THE DATA =

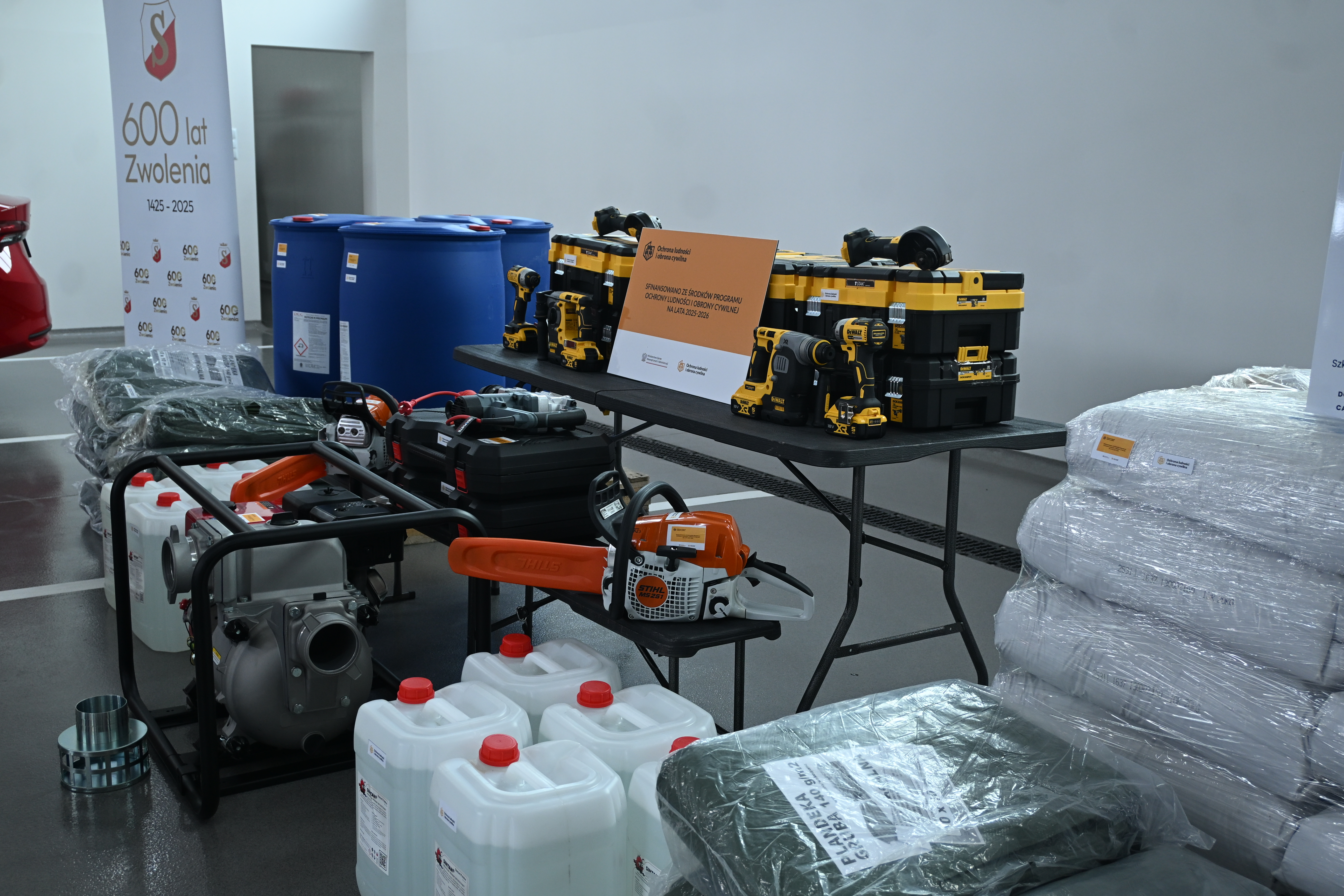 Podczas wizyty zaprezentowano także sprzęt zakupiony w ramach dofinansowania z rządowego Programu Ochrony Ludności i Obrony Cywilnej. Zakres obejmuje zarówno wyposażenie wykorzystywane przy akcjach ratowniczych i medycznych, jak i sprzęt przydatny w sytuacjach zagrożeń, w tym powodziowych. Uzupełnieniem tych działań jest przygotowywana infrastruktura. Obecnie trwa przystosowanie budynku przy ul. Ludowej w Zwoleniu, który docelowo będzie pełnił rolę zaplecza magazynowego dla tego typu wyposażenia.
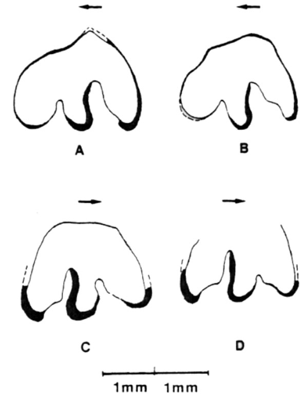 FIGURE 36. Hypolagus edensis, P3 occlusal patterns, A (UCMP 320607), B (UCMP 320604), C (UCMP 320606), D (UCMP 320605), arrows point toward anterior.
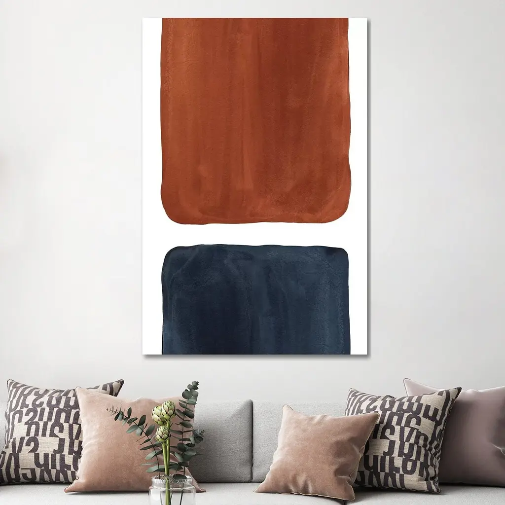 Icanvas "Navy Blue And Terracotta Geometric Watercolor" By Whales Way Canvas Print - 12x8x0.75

REQUIREMENT = Write out the whole listing above exactly, minus images.

ANSWER TO THIS EXERCISE =
 Podczas wizyty zaprezentowano także sprzęt zakupiony w ramach dofinansowania z rządowego Programu Ochrony Ludności i Obrony Cywilnej. Zakres obejmuje zarówno wyposażenie wykorzystywane przy akcjach ratowniczych i medycznych, jak i sprzęt przydatny w sytuacjach zagrożeń, w tym powodziowych. Uzupełnieniem tych działań jest przygotowywana infrastruktura. Obecnie trwa przystosowanie budynku przy ul. Ludowej w Zwoleniu, który docelowo będzie pełnił rolę zaplecza magazynowego dla tego typu wyposażenia.
 FIGURE 36. Hypolagus edensis, P3 occlusal patterns, A (UCMP 320607), B (UCMP 320604), C (UCMP 320606), D (UCMP 320605), arrows point toward anterior.
 Icanvas "Navy Blue And Terracotta Geometric Watercolor" By Whales Way Canvas Print - 12x8x0.75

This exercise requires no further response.